= EXERCISE DETAILS =
Once the pictures are removed, reproduce what is left of the data below exactly.
*** SUPPLIED MATERIAL Section Begins ***
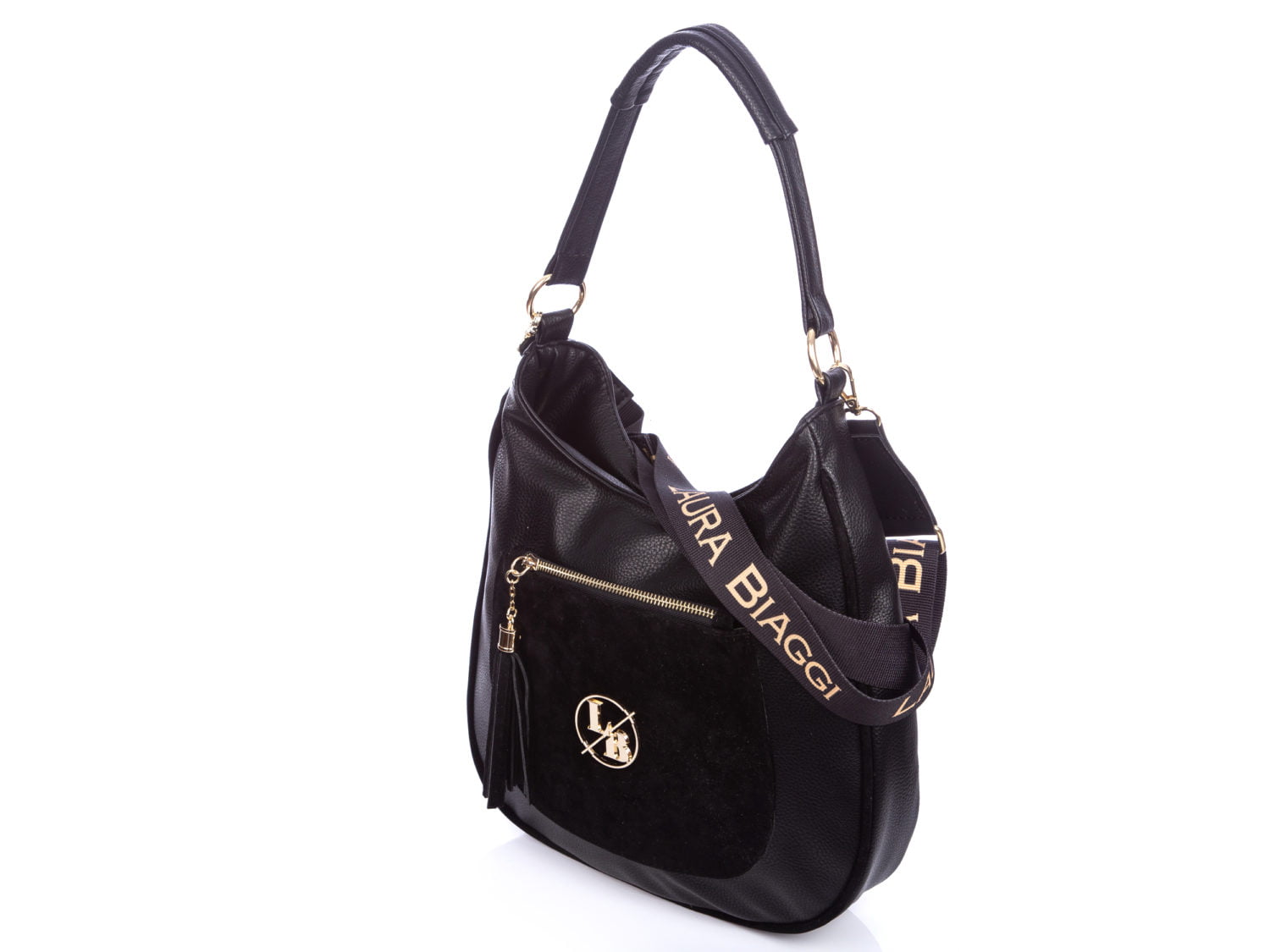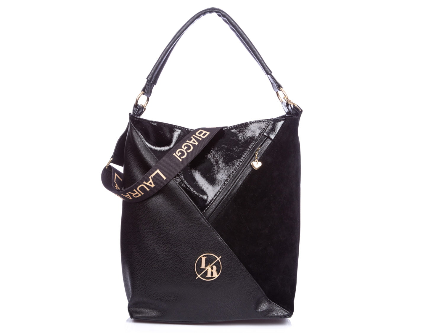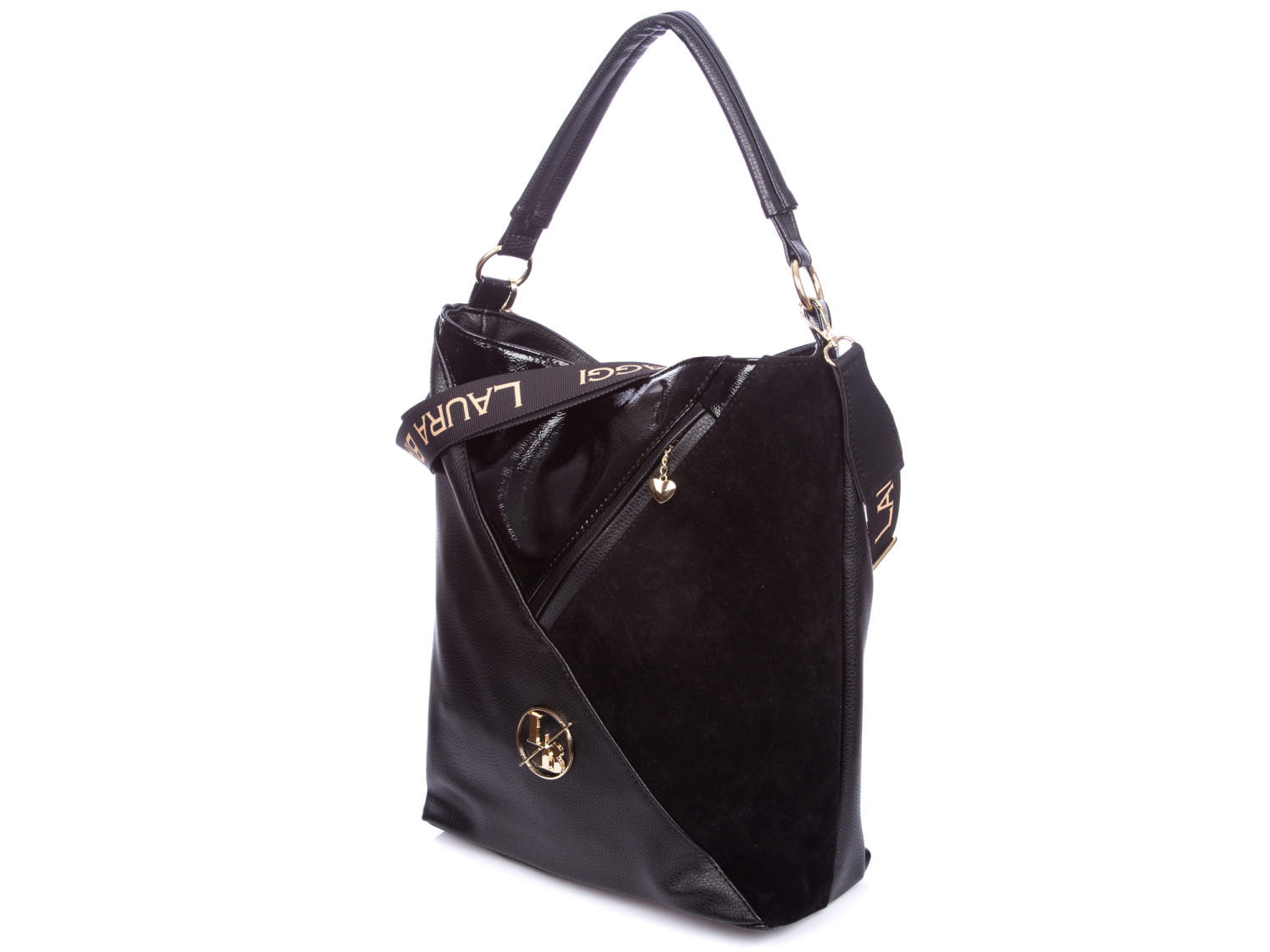 Czarna torba damska Laura Biaggi matowo-lakierowana
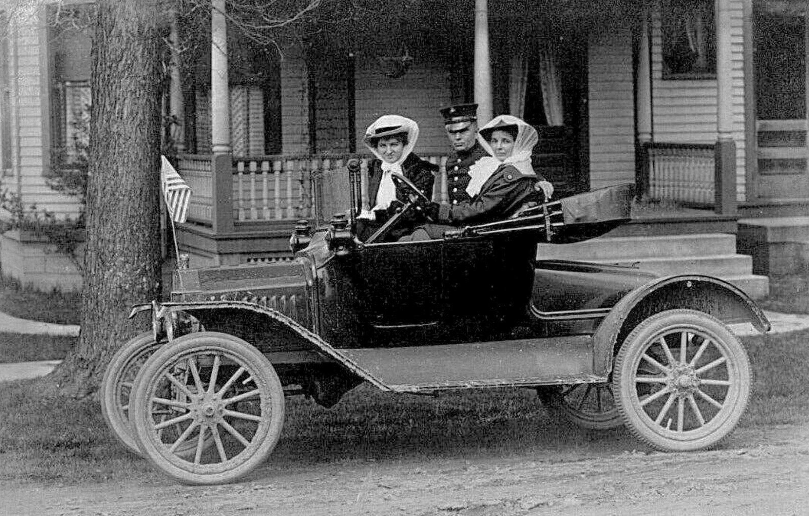 Number ten. A 1917 mid model year based upon radiator and fenders with the even folding windshield. Whiteish sidewalls on tires can be seen. Front tires appear to be smooth, no tread. Rears I can't be sure about the tread or not.
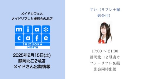 | 営業時間 | 静岡店は出勤スタッフがいれば営業です! 基本的に 12時~22時が営業時間です! ●静岡店のツイッター @shizuokamaidsan https://twitter.com/shizuokamaidsan ●ミア静岡店の営業曜日&営業時間● ☆月〜木 14:00〜22:00(最終受付20:00) ☆金曜日 12:00〜22:00(最終受付21:00) ☆土・日・祝 12:00〜22:00(最終受付21:00) 営業時間外はオンライン予約にてお願いいたします。 PC・携帯共通 → http://m-kanzume.moo.jp/yoyaku2/user.cgi ●ミアガイド出勤状況● スマホ・PC → 後日公開予定 ★静岡店スタッフによるミア甲府店でのメイドカフェリアル営業★ ☆不定期 サイトにてご確認ください。 http://market.chu.jp/schedule1/sche37.cgi | ||||||||||||||
*** SUPPLIED MATERIAL Section Ends ***
= RESULT OF THIS TASK =
 Czarna torba damska Laura Biaggi matowo-lakierowana
 Number ten. A 1917 mid model year based upon radiator and fenders with the even folding windshield. Whiteish sidewalls on tires can be seen. Front tires appear to be smooth, no tread. Rears I can't be sure about the tread or not.
 | 営業時間 | 静岡店は出勤スタッフがいれば営業です! 基本的に 12時~22時が営業時間です! ●静岡店のツイッター @shizuokamaidsan https://twitter.com/shizuokamaidsan ●ミア静岡店の営業曜日&営業時間● ☆月〜木 14:00〜22:00(最終受付20:00) ☆金曜日 12:00〜22:00(最終受付21:00) ☆土・日・祝 12:00〜22:00(最終受付21:00) 営業時間外はオンライン予約にてお願いいたします。 PC・携帯共通 → http://m-kanzume.moo.jp/yoyaku2/user.cgi ●ミアガイド出勤状況● スマホ・PC → 後日公開予定 ★静岡店スタッフによるミア甲府店でのメイドカフェリアル営業★ ☆不定期 サイトにてご確認ください。 http://market.chu.jp/schedule1/sche37.cgi | ||||||||||||||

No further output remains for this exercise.